= Dispute Settlement Body =

Board of the WTO

The Dispute Settlement Body (DSB) of the World Trade Organization (WTO) makes decisions on trade disputes between governments that are adjudicated by the Organization. Its decisions generally match those of the Dispute Panel.

==Institutional structure==

The DSB is, in effect, a session of the General Council of the WTO: that is, all of the representatives of the WTO member governments, usually at ambassadorial level, meeting together. It decides the outcome of a trade dispute on the recommendation of a Dispute Panel and (possibly) on a report from the Appellate Body of WTO, which may have amended the Panel recommendation if a party chose to appeal. Only the DSB can make these decisions: Panels and the Appellate Body are limited to making recommendations.

The DSB uses a special decision procedure known as 'reverse consensus' or 'consensus against' that makes it almost certain that the Panel recommendations in a dispute will be accepted. The process requires that the recommendations of the Panel (as amended by the Appellate Body) should be adopted "unless" there is a consensus of the members against adoption. This has never happened, and because the nation 'winning' under the Panel's ruling would have to join this reverse consensus, it is difficult to conceive of how it ever could.

Once it has decided on the case, i.e., whether the complaint had been shown to be right or wrong, the DSB may direct the 'losing' Member to take action to bring its laws, regulations or policies into conformity with the WTO Agreements. This is the only direction that emerges from a WTO dispute. There is no concept of "punishment" or even restitution. The DSB will give the losing party a "reasonable period of time" in which to restore the conformity of its laws etc.

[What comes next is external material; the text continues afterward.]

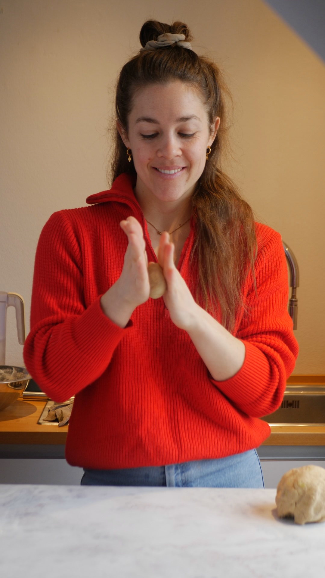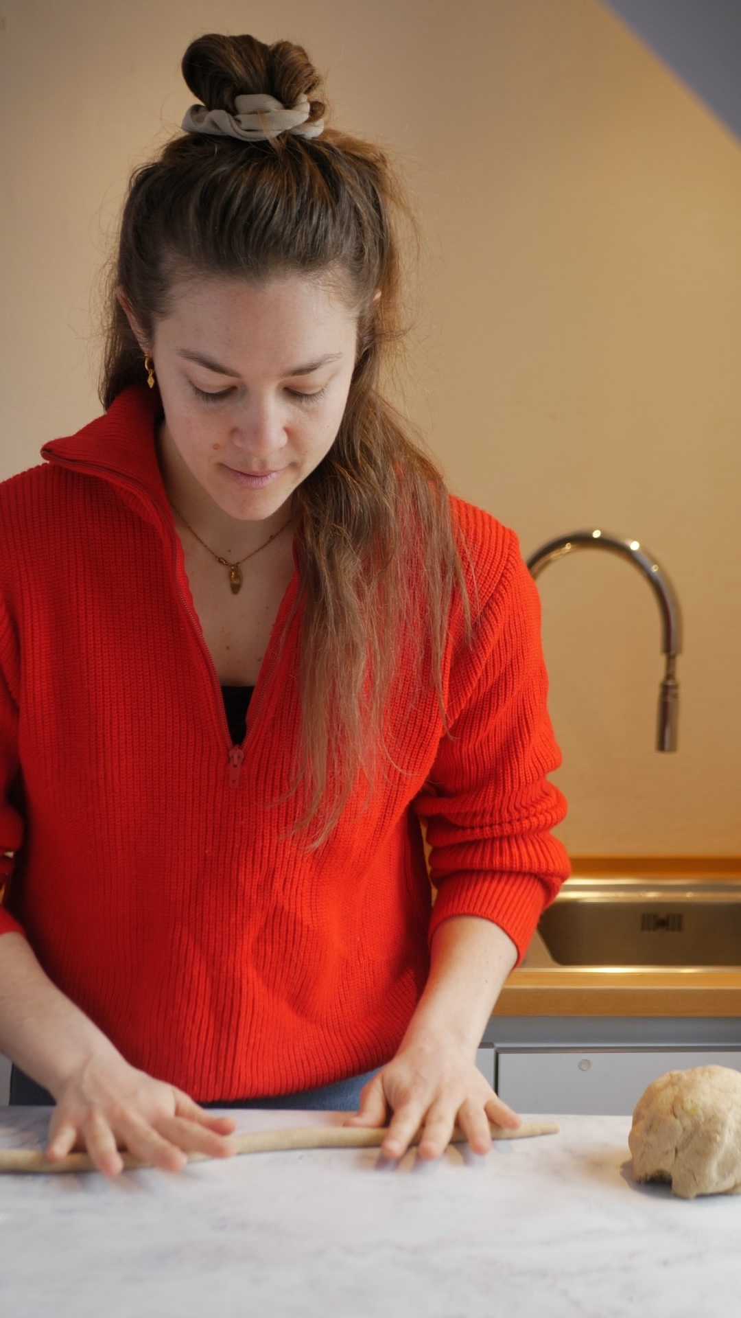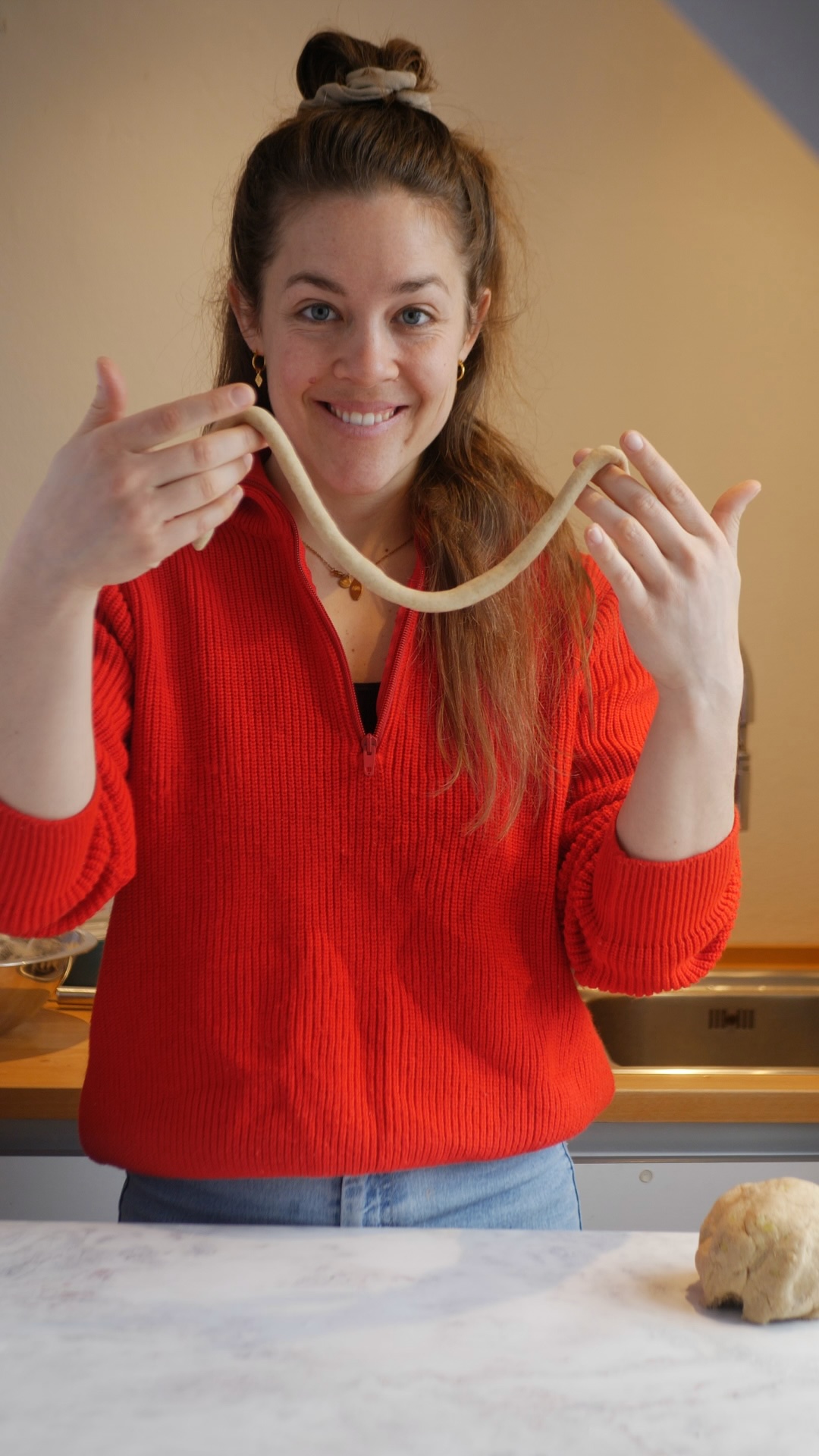 - Rolle den Teig zu kleinen Kugeln und forme sie dann zu langen Nudeln.

If the losing party fails to restore the conformity of its laws within the "reasonable period of time", the DSB may—on an exceptional basis—authorise a successful complainant to take retaliatory measures to induce action on the part of the losing party. This is very rare. Almost all WTO members "voluntarily" implement DSB decisions in time. Of course, when a losing country brings its laws etc. into conformity it may choose how to do so; indeed, it may not necessarily make the changes that the winning party would prefer.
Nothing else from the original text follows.